**Data for this exercise**
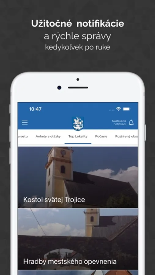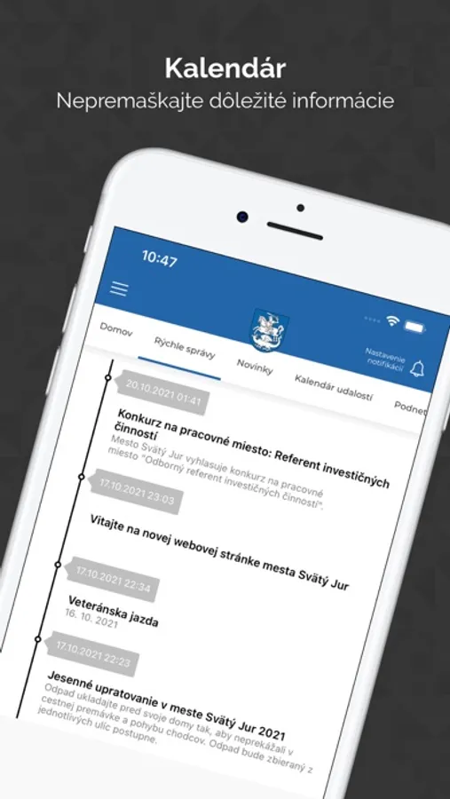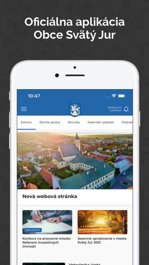 Mobilná aplikácia obce Svätý Jur. V aplikácii nájdete aktuálne informácie z diania v obci, kalendár, dôležité kontakty aj top lokality. Môžete si nastaviť upozornenia na rôzne udalosti, od noviniek, cez udalosti kalendára až po denné sumáre. Obec Vám v prípade kritickej situácie (napr. povodne) môže poslať upozornenie priamo do aplikácie.
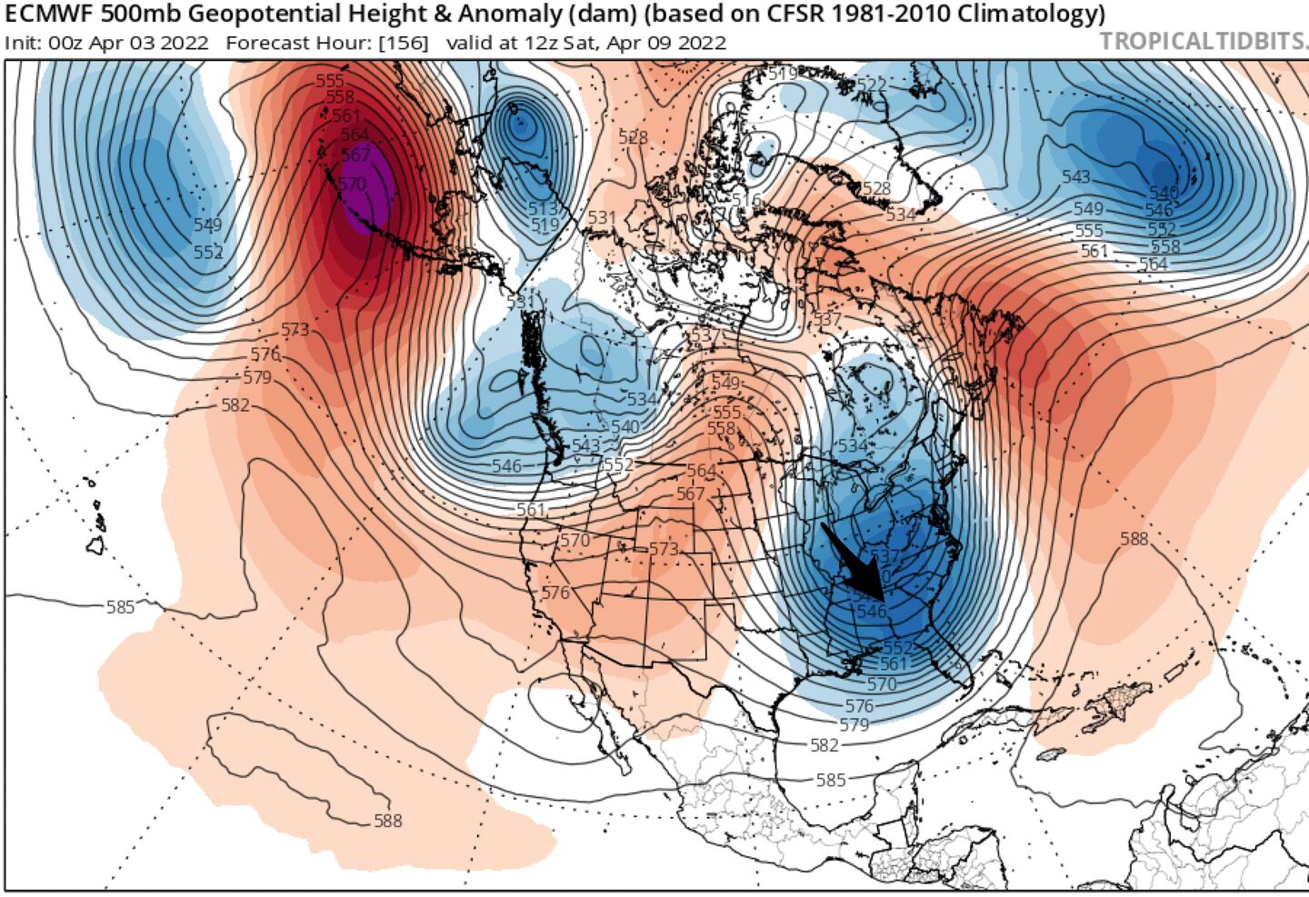 You will see in the maps below a big change in the upper-level air flow from the start of the week (from the Southwest) to the weekend (out of the North/Northwest) as a big jet stream trough develops over the Eastern U.S.
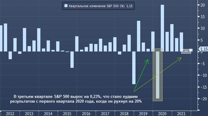 2 сентября S&P 500 достиг последнего на данный момент исторического максимума на уровне 4545 пунктов, однако по итогам месяца снизился на 4,76% и, таким образом, прервал семимесячный рост. В последний раз индекс показывал месячное снижение в январе, и тогда оно составило 1,11%. По итогам третьего квартала S&P 500 вырос на 0,23%, что стало наихудшим результатом с первого квартала 2020 года, когда он снизился на 20%.
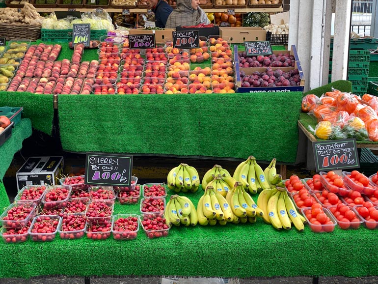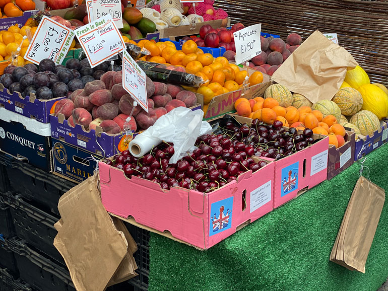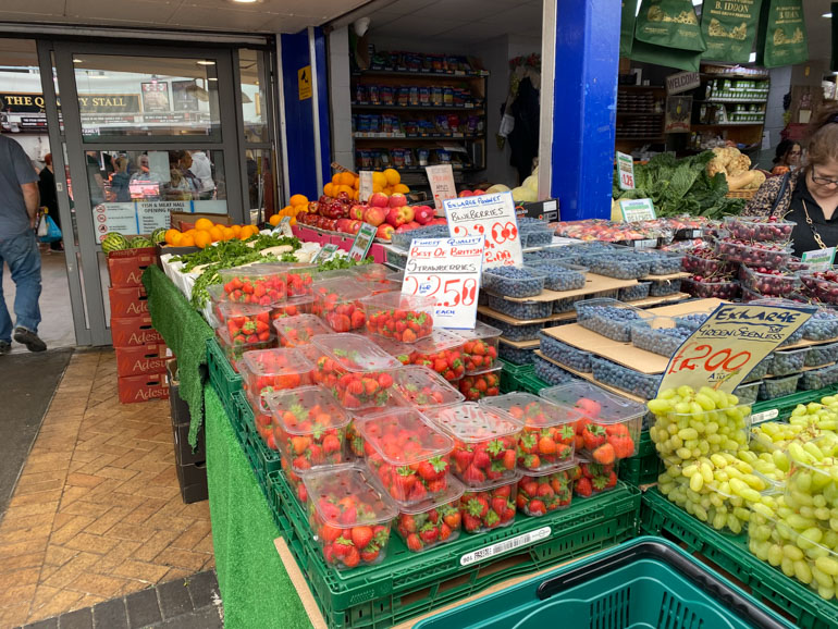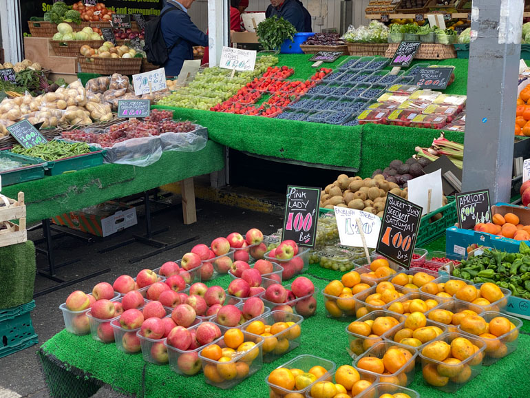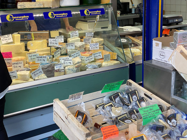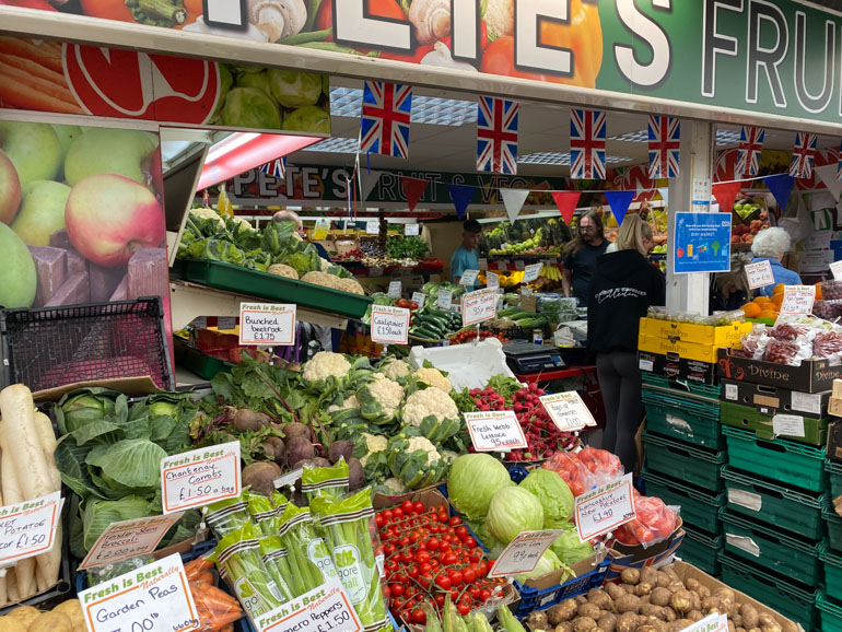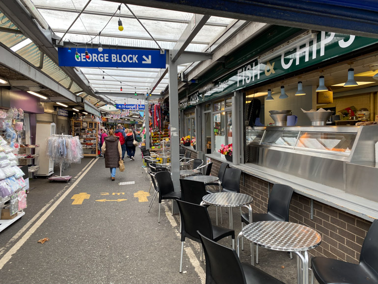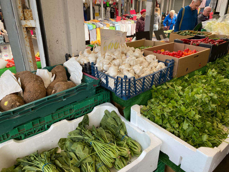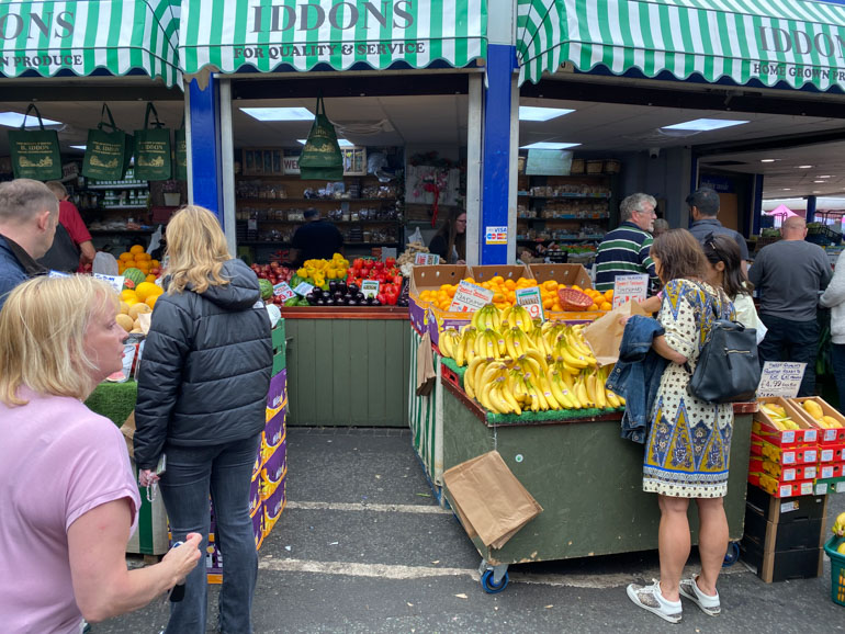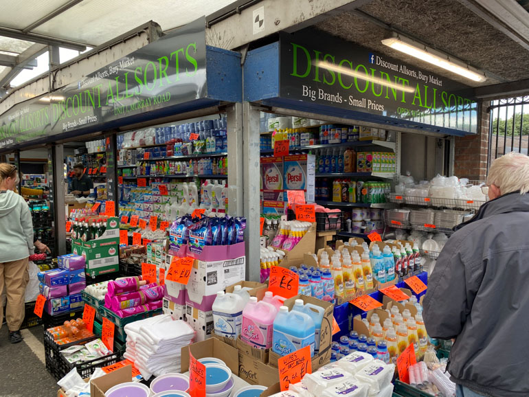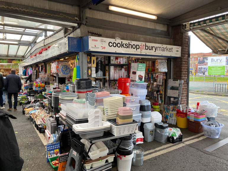 Next to the entrance is the Hot Potatoes wagon. It’s been there for at least 40 years, selling bags of hot baby potatoes as snacks. They’re an excellent choice on a drizzly cold day. They also have jacket potatoes with a range of fillings and other treats such as a cup of black peas. These are northern tradition, usually eaten on 5 November as part of Guy Fawkes Night celebrations with bonfires and fireworks, but whenever you have them, you need to add a glug of malt vinegar. It’s cash only as are a lot of the smaller stalls so make sure to bring change as well as your shopping bags.
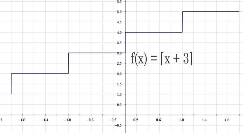 For example for say x = -1.6, then x + 3 becomes -1.6 + 3 = 1.4, now what's the ceiling for 1.4? or namely, what's the highest integer that's between? well, is between the integers of 1 and 2, the "ceiling" will be 2, so the 1.4 becomes 2, same is true for 1.1 or 1.0000001 or 1.999999, they all "hit the ceiling".
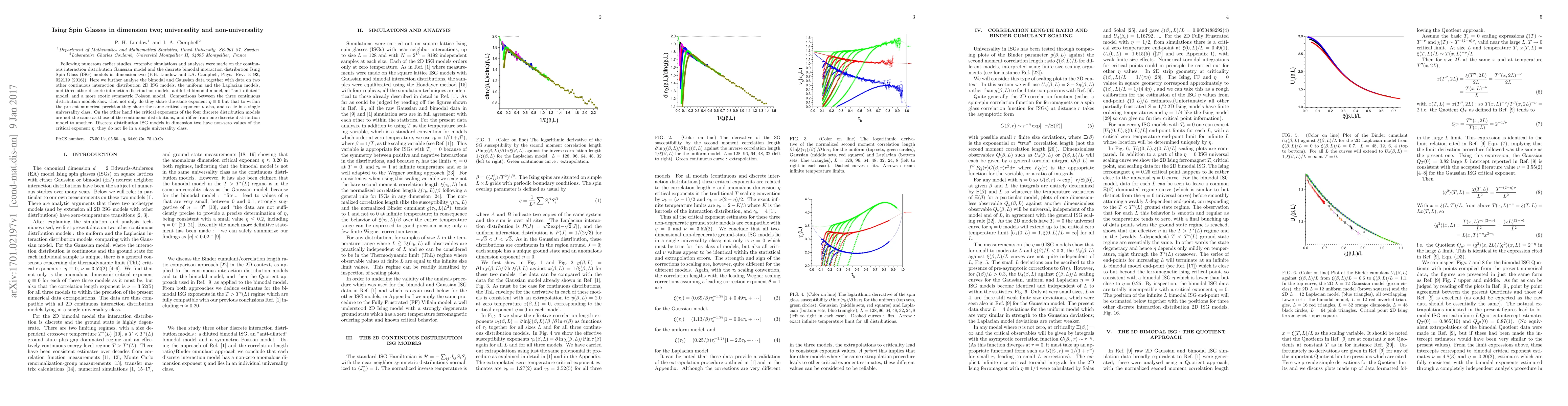 Following numerous earlier studies, extensive simulations and analyses were made on the continuous interaction distribution Gaussian model and the discrete bimodal interaction distribution Ising Spin Glass (ISG) models in dimension two (P.H. Lundow and I.A. Campbell, Phys. Rev. E {\bf 93}, 022119 (2016)). Here we further analyse the bimodal and Gaussian data together with data on two other continuous interaction distribution 2D ISG models, the uniform and the Laplacian models, and three other discrete interaction distribution models, a diluted bimodal model, an "anti-diluted" model, and a more exotic symmetric Poisson model. Comparisons between the three continuous distribution models show that not only do they share the same exponent $\eta \equiv 0$ but that to within the present numerical precision they share the same critical exponent $\nu$ also, and so lie in a single universality class. On the other hand the critical exponents of the four discrete distribution models are not the same as those of the continuous distributions, and differ from one discrete distribution model to another. Discrete distribution ISG models in dimension two have non-zero values of the critical exponent $\eta$; they do not lie in a single universality class.
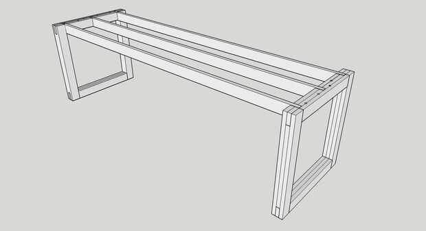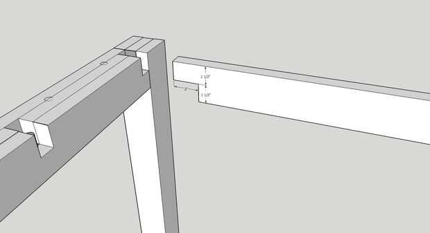 — Tomar las tres vigas, mide 94 "x 3" de la ayuda y cortaron tabs 1 1/2" de ancho y 2", correspondiente a las mortajas en las piernas. Ver foto.

**Your goal**
Above are some entries; copy exactly the lines from the line with "You will see" through the line with "2 сентября S&P", both included, but none of the pictures.

**Worked solution**
 You will see in the maps below a big change in the upper-level air flow from the start of the week (from the Southwest) to the weekend (out of the North/Northwest) as a big jet stream trough develops over the Eastern U.S.
 2 сентября S&P 500 достиг последнего на данный момент исторического максимума на уровне 4545 пунктов, однако по итогам месяца снизился на 4,76% и, таким образом, прервал семимесячный рост. В последний раз индекс показывал месячное снижение в январе, и тогда оно составило 1,11%. По итогам третьего квартала S&P 500 вырос на 0,23%, что стало наихудшим результатом с первого квартала 2020 года, когда он снизился на 20%.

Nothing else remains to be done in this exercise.